● **DATA PROVIDED**
━━━━━━━━━━━━━━━━━━━━━━━━━━━━━━

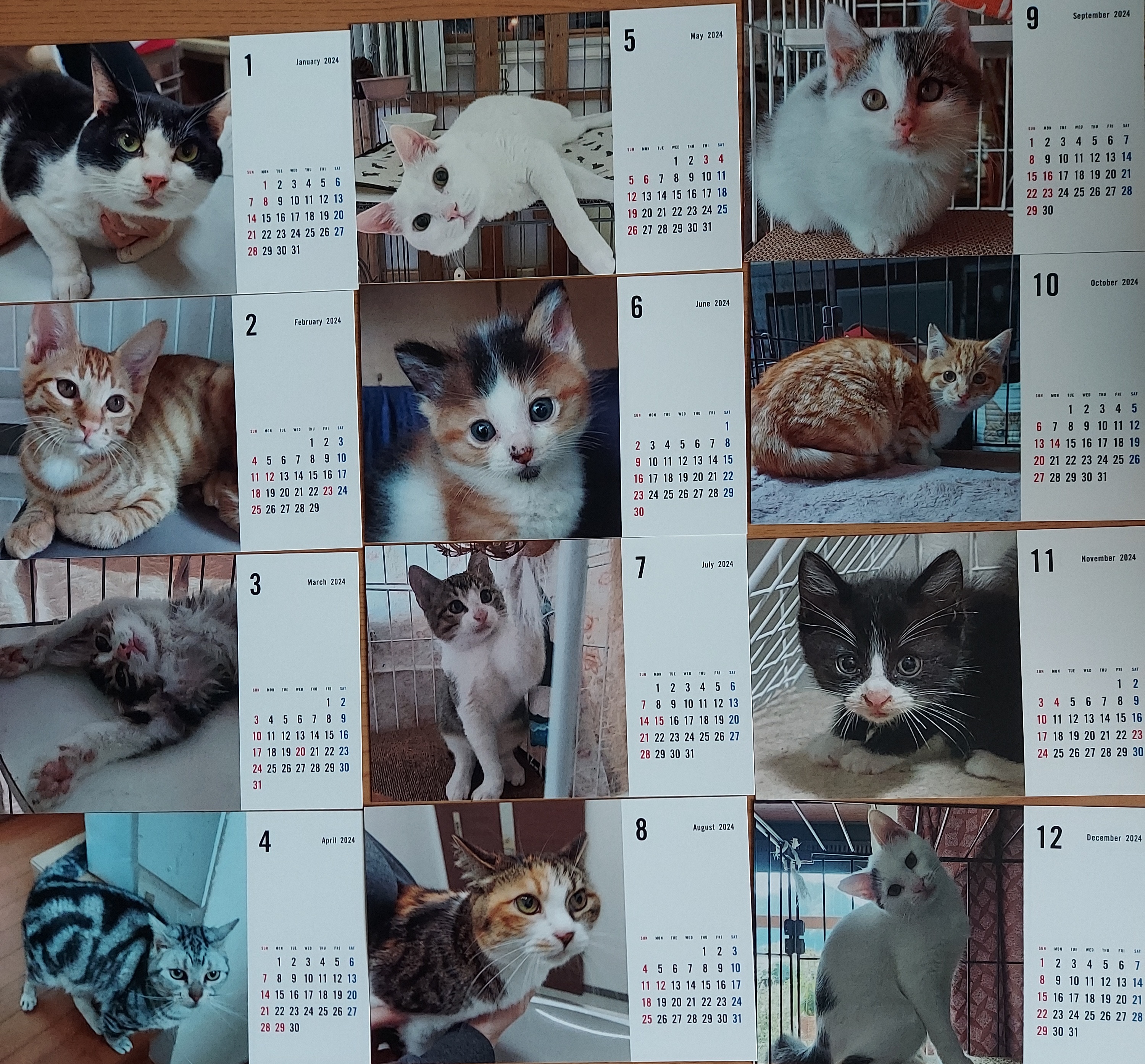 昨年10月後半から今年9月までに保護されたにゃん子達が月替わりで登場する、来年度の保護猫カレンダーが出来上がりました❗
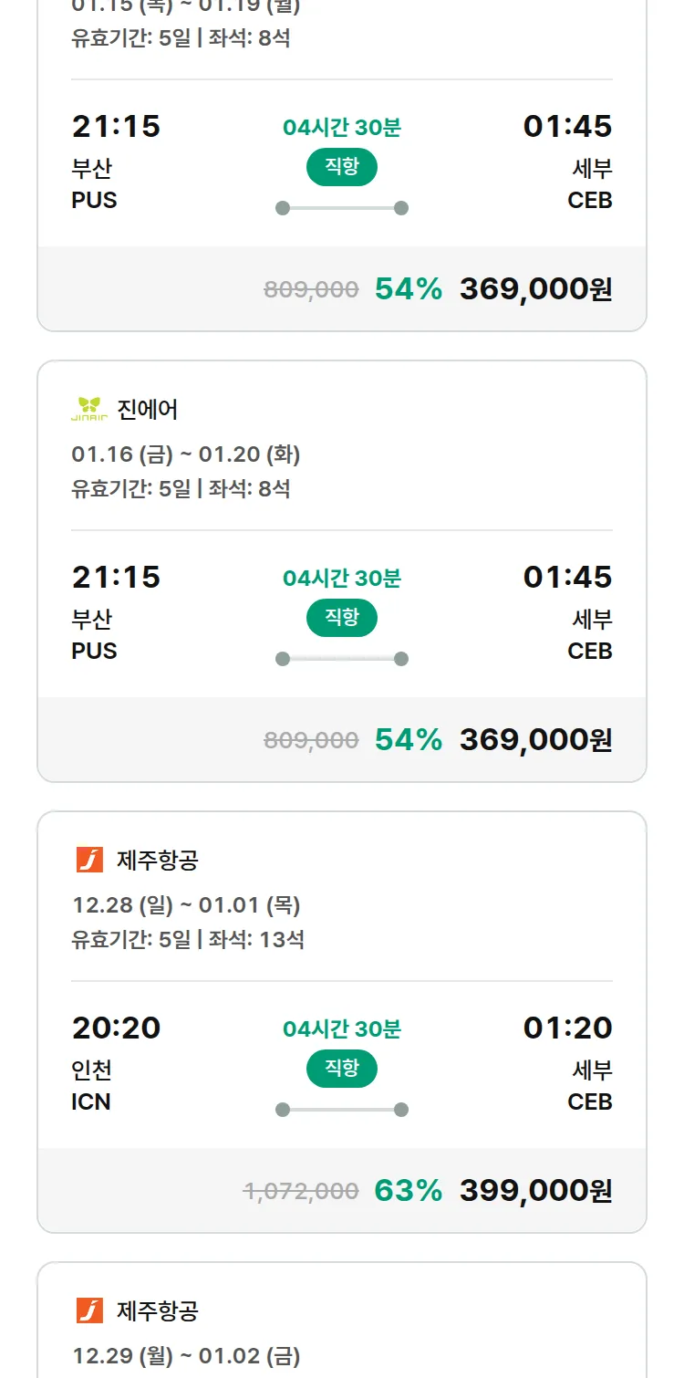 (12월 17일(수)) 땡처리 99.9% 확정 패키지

━━━━━━━━━━━━━━━━━━━━━━━━━━━━━━

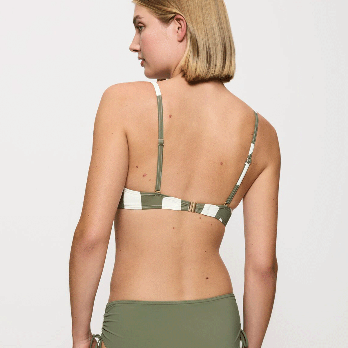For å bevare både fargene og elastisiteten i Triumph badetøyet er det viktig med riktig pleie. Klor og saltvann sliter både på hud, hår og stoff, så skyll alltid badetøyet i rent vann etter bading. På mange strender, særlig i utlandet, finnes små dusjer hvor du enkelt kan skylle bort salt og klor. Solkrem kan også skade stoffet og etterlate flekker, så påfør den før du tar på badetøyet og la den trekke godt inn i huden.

━━━━━━━━━━━━━━━━━━━━━━━━━━━━━━

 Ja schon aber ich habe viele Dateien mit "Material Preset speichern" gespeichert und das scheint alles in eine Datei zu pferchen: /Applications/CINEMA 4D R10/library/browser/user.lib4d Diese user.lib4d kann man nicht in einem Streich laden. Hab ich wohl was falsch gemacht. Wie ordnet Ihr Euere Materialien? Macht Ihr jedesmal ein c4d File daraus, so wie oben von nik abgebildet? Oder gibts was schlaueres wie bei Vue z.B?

━━━━━━━━━━━━━━━━━━━━━━━━━━━━━━

● **TASK GOAL**
The lines to reproduce run from the one above containing "昨年10月後半から今年9月ま" through the one containing "(12월 17일(수)) 땡처리 99.9% 확정 패키지". Copy them exactly and leave out all pictures.

● **OUTPUT OF THE EXERCISE**
 昨年10月後半から今年9月までに保護されたにゃん子達が月替わりで登場する、来年度の保護猫カレンダーが出来上がりました❗
 (12월 17일(수)) 땡처리 99.9% 확정 패키지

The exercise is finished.